PROVIDED MATERIAL:
☆ ☆ ☆ ☆ ☆

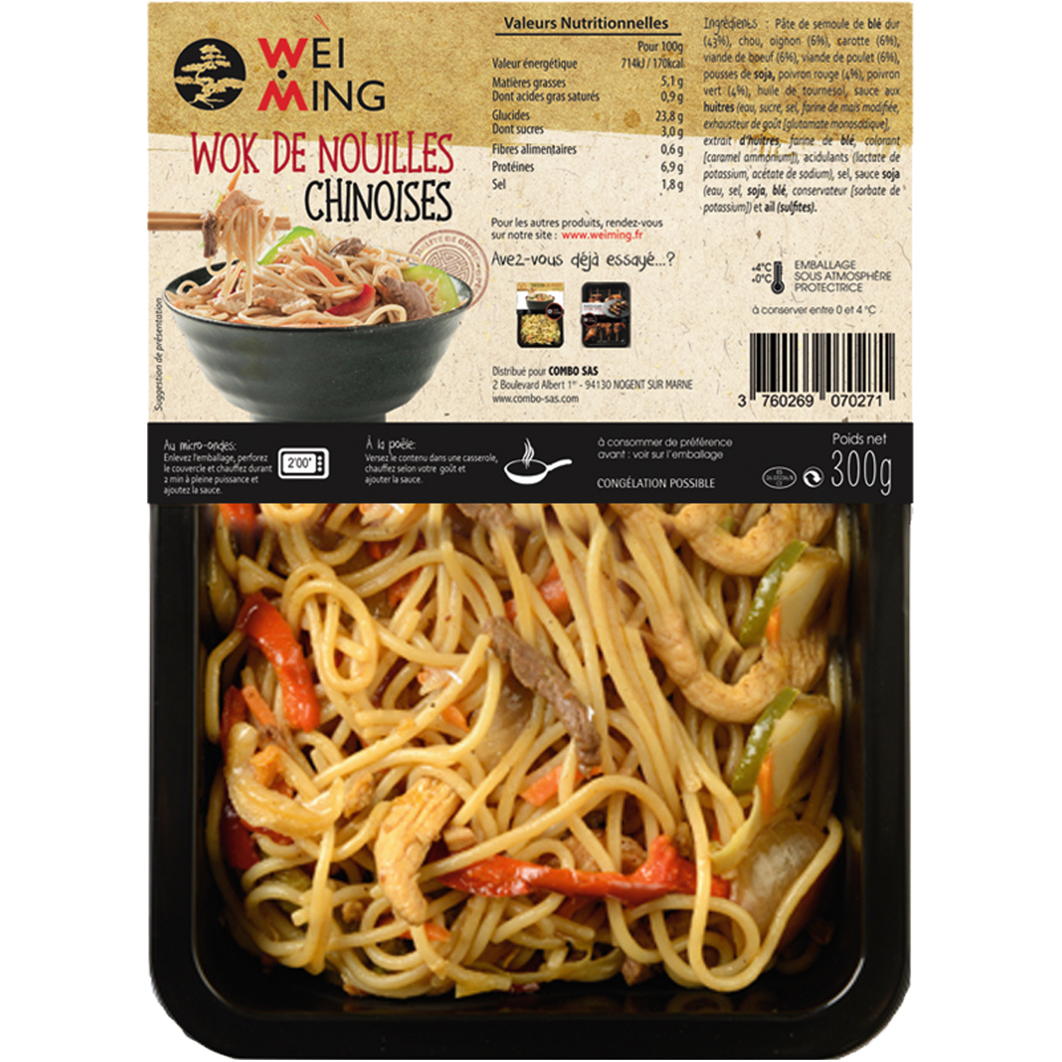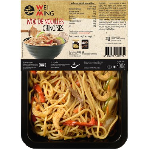 J'ai voulu tester ces nouilles chinoises dont la photo mettait en appétit. C'est bon, c'est exotique sans trop en faire, la photo est un peu trompeuse (beaucoup moins de viande en réalité que ce qu'elle montre). Le réchauffage au four micro-ondes donne de bons résultats... mais j'ai également essayé de les faire réchauffer et un peu griller à la poêle : le côté croustillant de certaines nouilles donne alors plus d'authenticité et de véracité à ce plat. C'est suffisamment copieux pour une assiette mais ne songez pas à faire deux parts de cette barquette. Une bonne surprise !
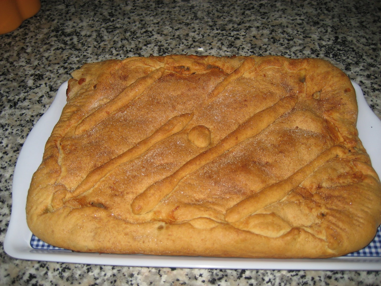 Ingredientes:Una taza de café, de vino blanco.Una taza de café, de aceite de girasol.Una taza de café, de leche.Una cucharadita de sal.Un sobre de levadura royal.Harina.4-5 Manzanas golden.Canela en polvo.Azúcar al gusto.Pizca de mantequilla.Elaboración:Lo primero que vamos hacer es el relleno. Pelamos las manzanas y las cortamos como para tortilla. En una sartén ponemos las manzanas con una pizca de canela, un trozo de mantequilla como unos 25 gr y las manzanas, las dejamos pochar hasta que se queden blanditas. Reservamos.Preparamos la masa: mezclamos los líquidos, salamos, añadimos la harina y la levadura. Amasamos hasta que nos quede una masa manejable.La dividimos en dos partes y formamos la empanada.Precalentamos el horno a 180º.Pintamos la empanada con el huevo y ponemos por encima azúcar y canela.La ponemos en el horno hasta que nos quede doradita.
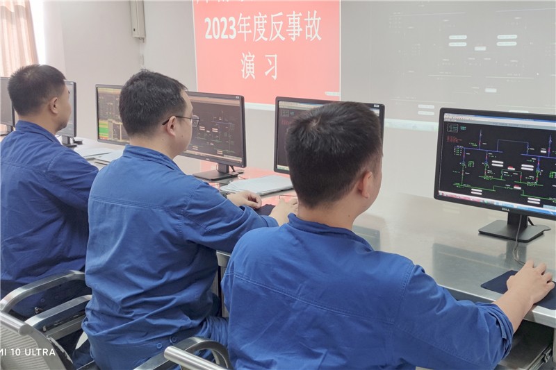 本次演练模拟双机满负荷运行时脱硫6KV I段因进线电源电缆故障引起6KV I段母线失电事故。“汇报值长,脱硫6KV I段母线失压,原因尚未查明,6KV I段所属设备全部跳闸,需要立即降低1、2号机组负荷配合进行事故处理。”随着一阵急促的声音响起,事故演练正式开始。演练开始后,脱硫主值班员立即着手进行事故处理,汇报值长请求支援,通知检修及时到位,安排副值班员重点监视好2号机脱硫及尿素区运行状况,令巡检积极配合检修人员就地查找原因并做好现场设备的巡视检查,在保障1号机组安全运行的同时,保证2号机组环保参数达标排放。演练人员各司其职,沉着应对,将事故影响控制在最小范围,避免事故的进一步扩大。
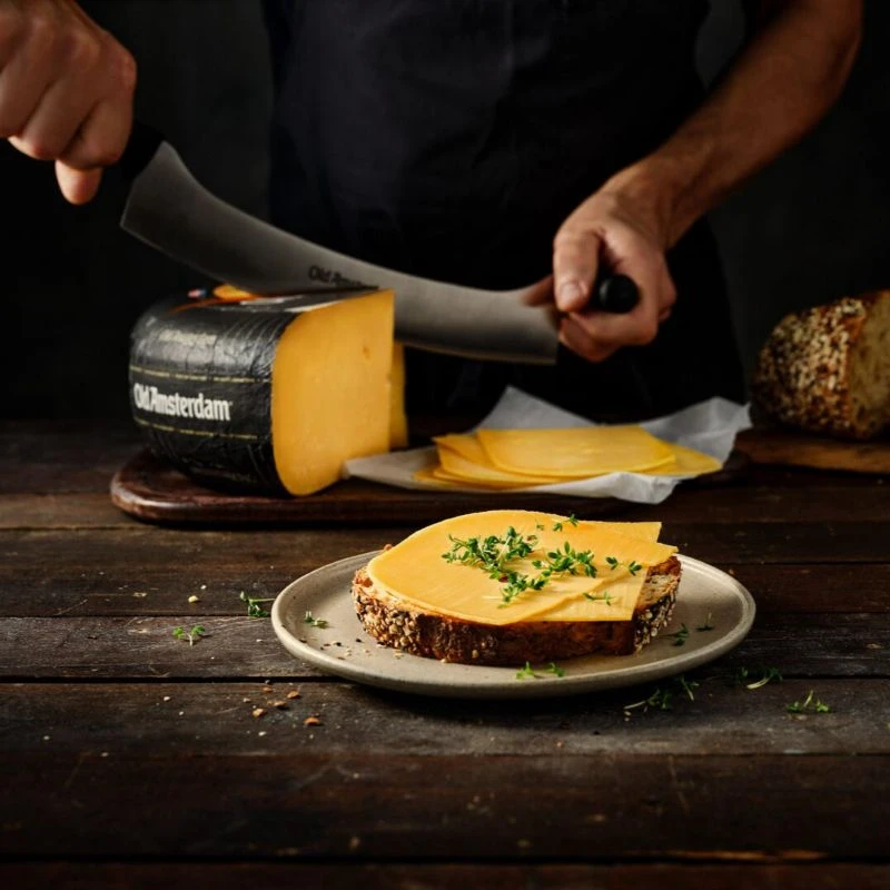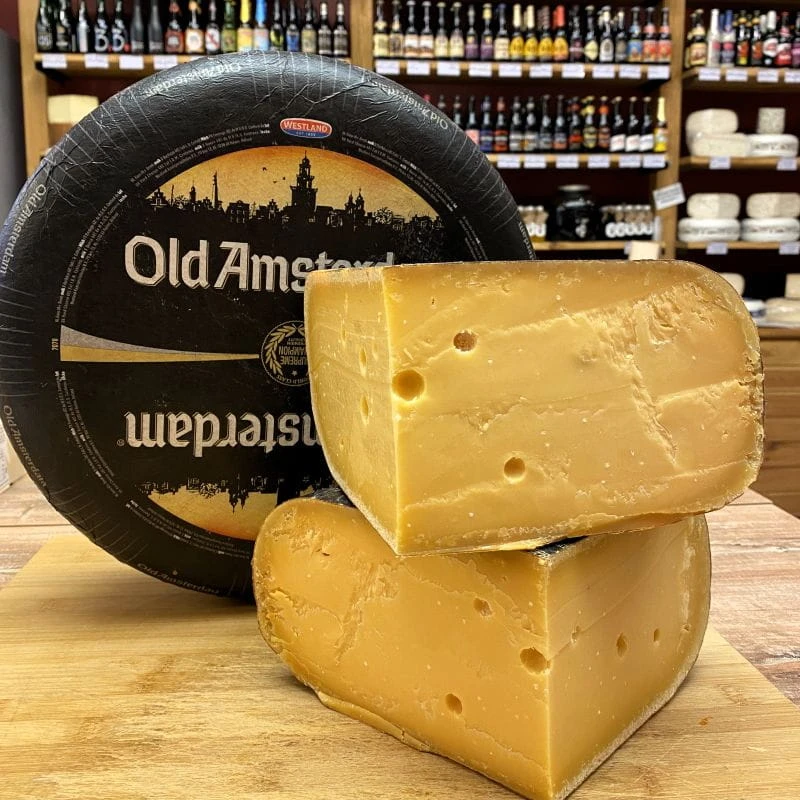 Old Amsterdam to kultowy holenderski ser dojrzewający, produkowany przez markę Old Amsterdam, która łączy tradycyjne rzemiosło z nowoczesną technologią dojrzewania.

☆ ☆ ☆ ☆ ☆

THE TASK: Your copy should match the data above exactly, apart from the pictures.

ANSWER SPACE:
 J'ai voulu tester ces nouilles chinoises dont la photo mettait en appétit. C'est bon, c'est exotique sans trop en faire, la photo est un peu trompeuse (beaucoup moins de viande en réalité que ce qu'elle montre). Le réchauffage au four micro-ondes donne de bons résultats... mais j'ai également essayé de les faire réchauffer et un peu griller à la poêle : le côté croustillant de certaines nouilles donne alors plus d'authenticité et de véracité à ce plat. C'est suffisamment copieux pour une assiette mais ne songez pas à faire deux parts de cette barquette. Une bonne surprise !
 Ingredientes:Una taza de café, de vino blanco.Una taza de café, de aceite de girasol.Una taza de café, de leche.Una cucharadita de sal.Un sobre de levadura royal.Harina.4-5 Manzanas golden.Canela en polvo.Azúcar al gusto.Pizca de mantequilla.Elaboración:Lo primero que vamos hacer es el relleno. Pelamos las manzanas y las cortamos como para tortilla. En una sartén ponemos las manzanas con una pizca de canela, un trozo de mantequilla como unos 25 gr y las manzanas, las dejamos pochar hasta que se queden blanditas. Reservamos.Preparamos la masa: mezclamos los líquidos, salamos, añadimos la harina y la levadura. Amasamos hasta que nos quede una masa manejable.La dividimos en dos partes y formamos la empanada.Precalentamos el horno a 180º.Pintamos la empanada con el huevo y ponemos por encima azúcar y canela.La ponemos en el horno hasta que nos quede doradita.
 本次演练模拟双机满负荷运行时脱硫6KV I段因进线电源电缆故障引起6KV I段母线失电事故。“汇报值长,脱硫6KV I段母线失压,原因尚未查明,6KV I段所属设备全部跳闸,需要立即降低1、2号机组负荷配合进行事故处理。”随着一阵急促的声音响起,事故演练正式开始。演练开始后,脱硫主值班员立即着手进行事故处理,汇报值长请求支援,通知检修及时到位,安排副值班员重点监视好2号机脱硫及尿素区运行状况,令巡检积极配合检修人员就地查找原因并做好现场设备的巡视检查,在保障1号机组安全运行的同时,保证2号机组环保参数达标排放。演练人员各司其职,沉着应对,将事故影响控制在最小范围,避免事故的进一步扩大。
 Old Amsterdam to kultowy holenderski ser dojrzewający, produkowany przez markę Old Amsterdam, która łączy tradycyjne rzemiosło z nowoczesną technologią dojrzewania.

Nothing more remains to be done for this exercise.